▸ **Problem to work on**
Repeat every record below exactly, omitting any pictures.

▸ **Entries supplied**
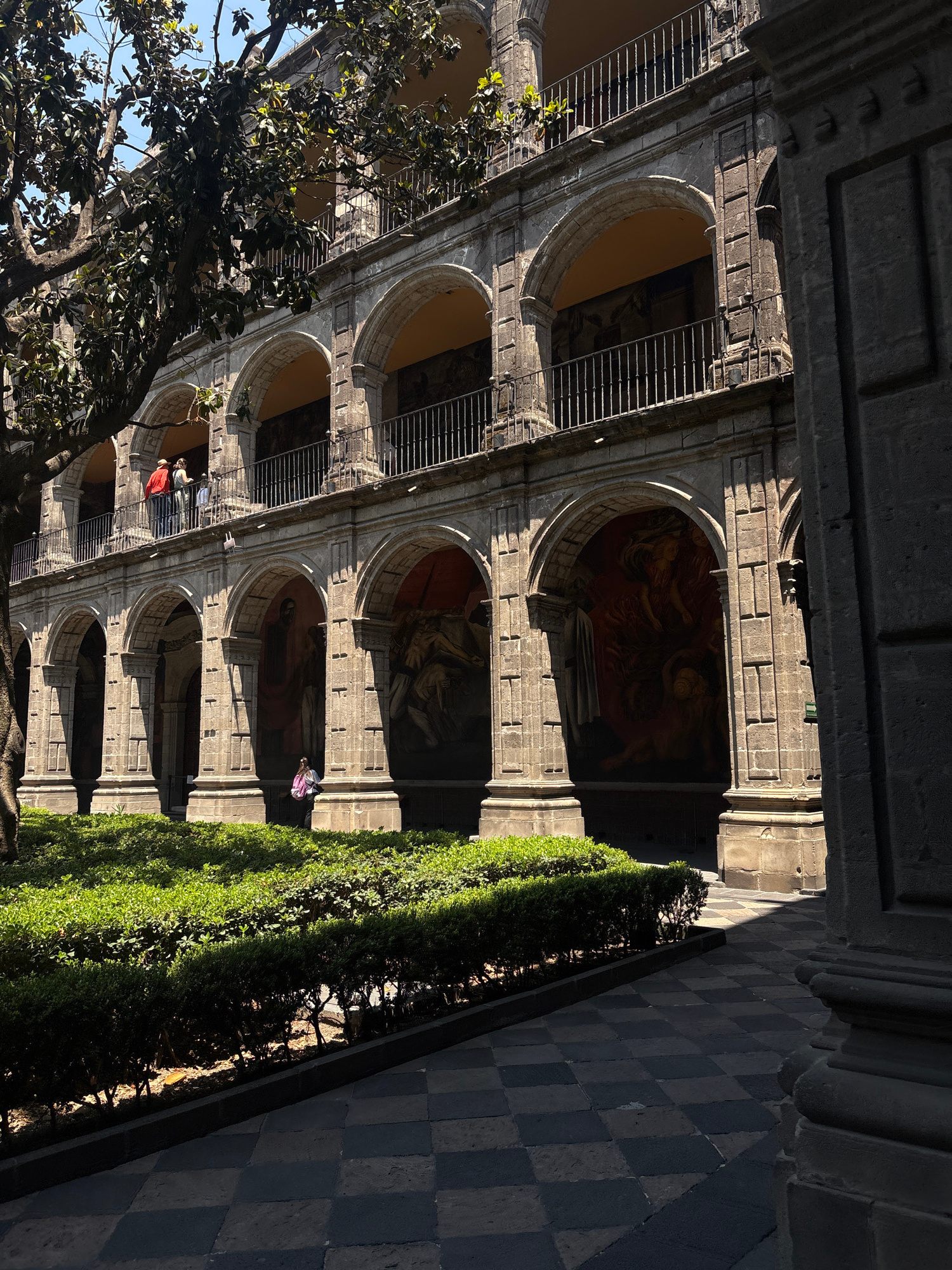 Here is a description of the image: The image shows the Palacio Nacional (National Palace) in Mexico City, Mexico. The building has a facade with multiple arches, each containing frescoes. Some of thβ¦read more
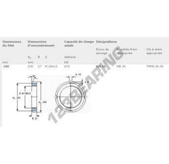 Esta porca tem um diâmetro interno de 180mm, um diâmetro externo de 230mm e uma espessura de 27mm.
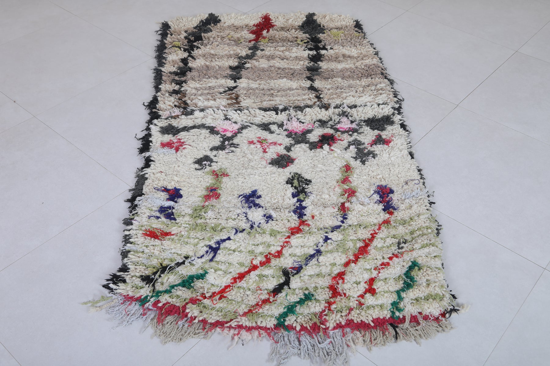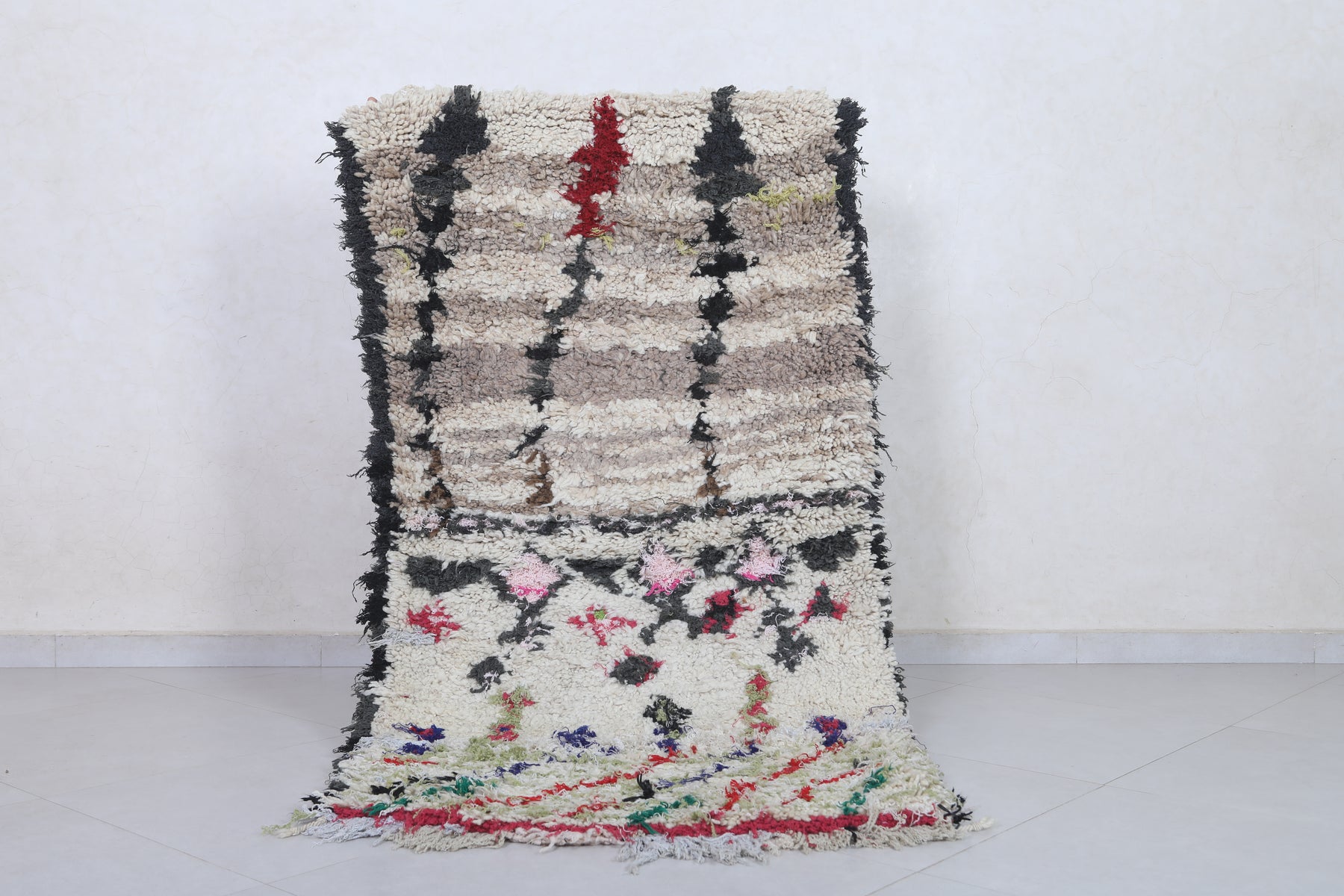 Elevate your space with this 3 x 5.8 feet Moroccan Berber rug, featuring a harmonious blend of earthy neutrals and vibrant floral motifs. The upper section showcases soft beige, brown, and black tones, while the lower section bursts into colorful red, green, and blue floral details. This artistic contrast creates a striking visual appeal, blending traditional craftsmanship with modern aesthetics.
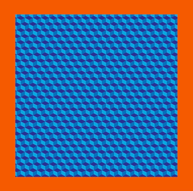 The Alici is an eye catching, two toned blue geometric patterned silk scarf with a vibrant orange border
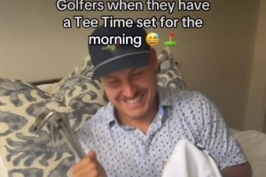 詹姆斯转发了一段标题为“当预约好早上开球时间后的高尔夫球手”在床上兴奋期待的视频,并评论道:“🤣🤣🤣🤣🤣🤣🤣🤣🤣🤣等打完这趟客场之旅,我就会是这样!”
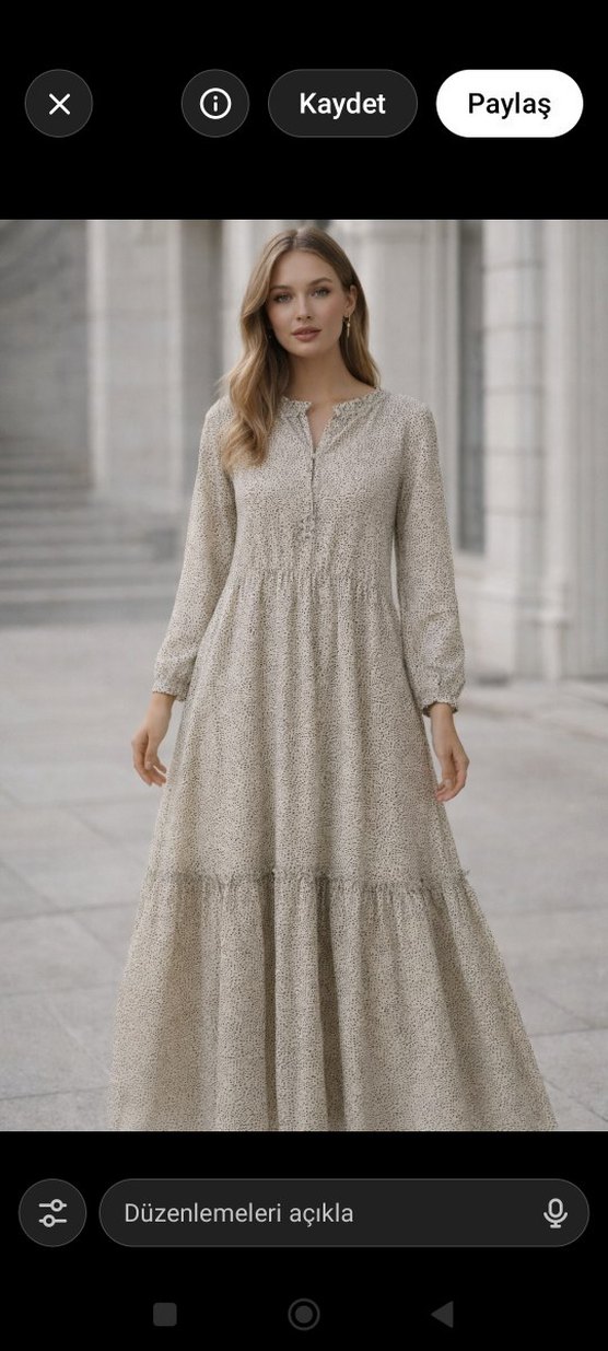 Uzun kollu, bej renkli yılan desenli bu elbise, bol kesim ve fırfır detaylara sahiptir. Yumuşak sentetik kumaştan yapılmıştır, minimal bohem tarz için uygundur.
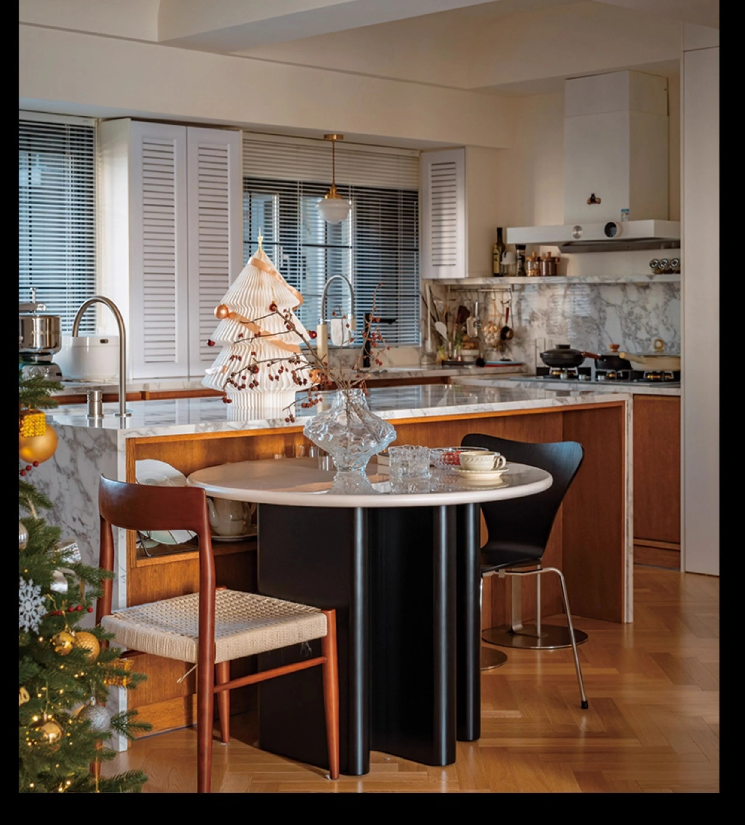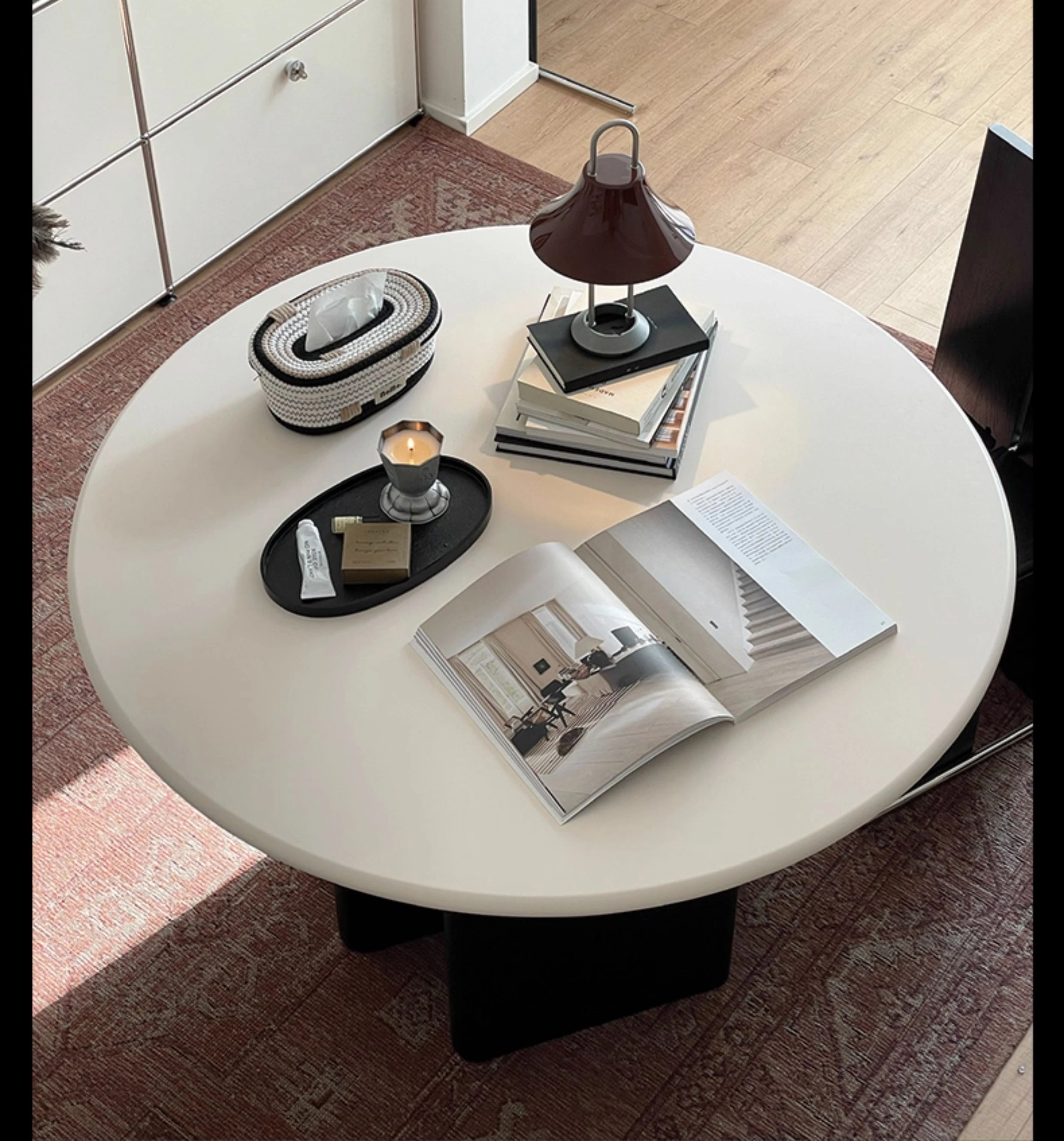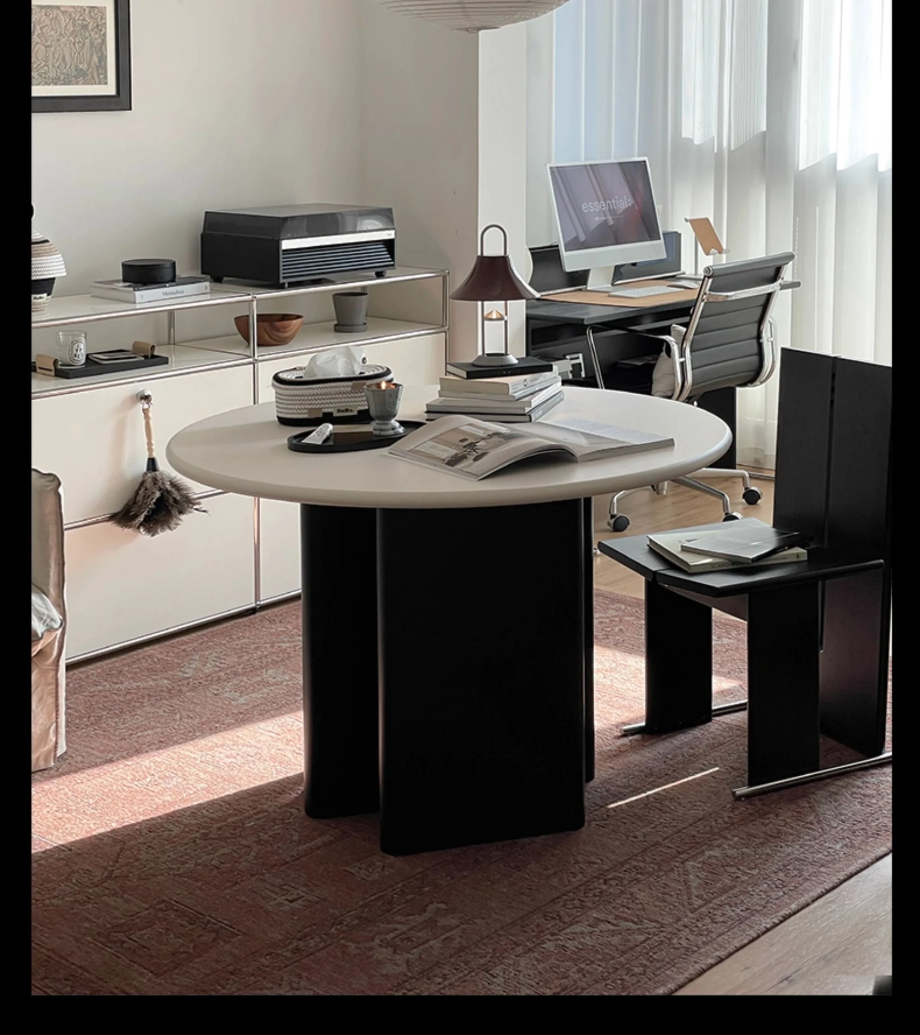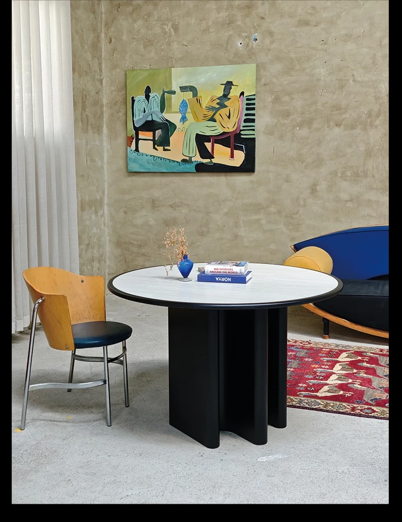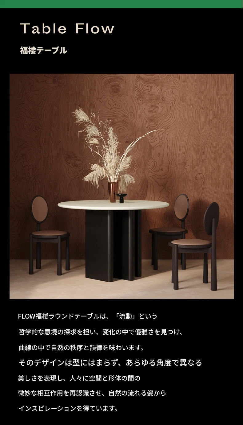Flow 福楼の新作!オリジナルデザイナーによるラウンドテーブル - 洞石岩板を使用したスタイリッシュなダイニングテーブル。あなたの食卓に洗練された雰囲気を!

▸ **Response for this exercise**
 Here is a description of the image: The image shows the Palacio Nacional (National Palace) in Mexico City, Mexico. The building has a facade with multiple arches, each containing frescoes. Some of thβ¦read more
 Esta porca tem um diâmetro interno de 180mm, um diâmetro externo de 230mm e uma espessura de 27mm.
 Elevate your space with this 3 x 5.8 feet Moroccan Berber rug, featuring a harmonious blend of earthy neutrals and vibrant floral motifs. The upper section showcases soft beige, brown, and black tones, while the lower section bursts into colorful red, green, and blue floral details. This artistic contrast creates a striking visual appeal, blending traditional craftsmanship with modern aesthetics.
 The Alici is an eye catching, two toned blue geometric patterned silk scarf with a vibrant orange border
 詹姆斯转发了一段标题为“当预约好早上开球时间后的高尔夫球手”在床上兴奋期待的视频,并评论道:“🤣🤣🤣🤣🤣🤣🤣🤣🤣🤣等打完这趟客场之旅,我就会是这样!”
 Uzun kollu, bej renkli yılan desenli bu elbise, bol kesim ve fırfır detaylara sahiptir. Yumuşak sentetik kumaştan yapılmıştır, minimal bohem tarz için uygundur.
Flow 福楼の新作!オリジナルデザイナーによるラウンドテーブル - 洞石岩板を使用したスタイリッシュなダイニングテーブル。あなたの食卓に洗練された雰囲気を!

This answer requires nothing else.